Seven of the world's biggest banks have agreed to pay $324 million to settle a private US lawsuit accusing them of rigging an interest rate benchmark used in the $553 trillion derivatives market.
The settlement made public on Tuesday, which requires court approval, resolves antitrust claims against Bank of America, Barclays, Citigroup, Credit Suisse, Deutsche Bank, JPMorgan Chase, and Royal Bank of Scotland.
While $324 million might seem like a hefty sum for a settlement, it's a relative pittance for the banks involved in the lawsuit. Bank of America alone netted $15.89 billion in profit in 2015. It was the bank's best showing since 2006 and more than double what it earned in 2014, an improvement that the Wall Street Journal attributed in large part to a significant drop in its legal fines and related costs.
The plaintiffs in the lawsuit had initially sought to recoup billions of dollars in losses.
"We are very pleased that these banks are offering our clients hundreds of millions of dollars in recovery," David R. Scott, an attorney representing the plaintiffs said in a statement on Tuesday.
Several pension funds and municipalities accused 14 banks, including those that settled, of conspiring to rig the "ISDAfix" benchmark for their own gain from at least 2009 to 2012.
Companies and investors use ISDAfix to price swaps transactions, commercial real estate mortgages and structured debt securities.
The alleged illegal activity included the execution of rapid trades just before the rate was set each day, called "banging the close," causing the British brokerage ICAP Plc to delay trades until they moved ISDAfix where they wanted, and posting rates that did not reflect market activity.
Under the settlement, payments would include $52 million from JPMorgan; $50 million each from Bank of America, Credit Suisse, Deutsche Bank and RBS; $42 million from Citigroup and $30 million from Barclays.
The remaining defendants are BNP Paribas SA, Goldman Sachs, HSBC, Morgan Stanley, Nomura Holdings, UBS AG, Wells Fargo, and ICAP, lawyers for the plaintiffs said.
Spokespeople for BNP Paribas, HSBC, Morgan Stanley and UBS declined to comment.
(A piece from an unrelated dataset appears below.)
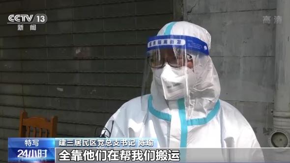 建三居民区党总支书记 陈瑜:有的人是第二天要做血透,一定要上门做核酸韦组长这个团队真的给了我很大支撑,尤其是卸物资,东西来了要发菜,全靠他们在帮我们搬运。
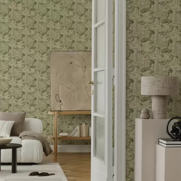 Tapeta Grafické lotosové listy v retro stylu na béžovém pozadí Nr. a00188

The other non-settling defendants did not immediately respond to requests for comment.
Tuesday's accord came five weeks after US District Judge Jesse Furman in Manhattan refused to dismiss the lawsuit.
US and European regulators have also examined whether ISDAfix was set properly, and Barclays agreed last May to pay a $115 million fine to settle a US Commodity Futures Trading Commission probe.
The private lawsuit is one of many pending in Manhattan federal court accusing banks of conspiring to rig rate benchmarks, securities prices or commodities prices.